Una presa di coscienza a livello mondiale: proprio ora che la Cina ha finalmente messo al bando il consumo della carne di cane, pare che, soprattutto grazie ai video di TikTok,  nelle case dei cinesi gli animali d’affezione siano ormai più di 100 milioni. Quello che per Mao era solo “un dannoso passatempo borghese da vietare” è diventato un trend che ha ormai un peso non trascurabile anche sull’economia.

“Un grande passo avanti di cui ci possiamo rallegrare.”, dice Barbara, ”Il rovescio della medaglia è che gli animali, considerati parte della famiglia ed equilibratori di sentimenti, a volte sono investiti di una responsabilità eccessiva. Non devono essere accolti solo perché noi abbiamo bisogno di affetto. Mi spiego: a volte ci sono scene a cui non si dovrebbe assistere. E’ inaccettabile vedere un cane ingioiellato o portato in giro in carrozzina: anche un chihuahua è fatto per camminare, giocare e non per essere trattato come un peluche.”

 

Attività e relazione

Quali sono le richieste più frequenti per un educatore cinofilo?

Andare correttamente al guinzaglio. Il cane non deve tirare, ma anche il proprietario non lo deve strattonare. Si va a passeggio insieme come tra amici umani. Niente deve essere forzato. Bisogna parlargli e dire sempre cosa si sta facendo.

Ci vuole diverso tempo per gestire bene il guinzaglio. Anche infilare la pettorina sembrerebbe un’azione banale, ma non lo è. Dovrebbe essere un movimento fluido, come una danza.

I gesti, le parole, i suoni sono importanti per farsi seguire e impostare una relazione di fiducia.

Altra questione di importanza basilare è il richiamo.

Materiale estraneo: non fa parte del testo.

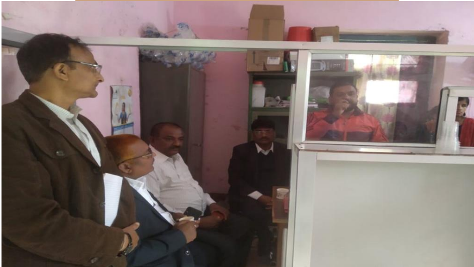
Joint Monitoring Visit of OST

Quando ci sono pericoli, obbedire a un nostro segnale potrebbe salvargli la vita.

Altre cose non sono così importanti, per cui, se qualche volta il vostro cane non ha voglia di farle, non importa. Impariamo anche a essere un po’ indulgenti…”

Barbara con Byron. Una relazione a 6 zampe passa sicuramente anche attraverso il gioco

 

Socializzare e sperimentare

“Poi si va insieme in città, nelle strade piene di gente, nei bar, in spiaggia, perché possano imparare a socializzare con diversi tipi di esseri umani. Sarebbe meglio svolgere questa attività in una certa finestra temporale, quando sono ancora cuccioli. Più tardi sarà più difficile per loro.

Rey in spiaggia

Per cani provenienti da zone non urbanizzate è anche importante abituarsi al rumore del traffico.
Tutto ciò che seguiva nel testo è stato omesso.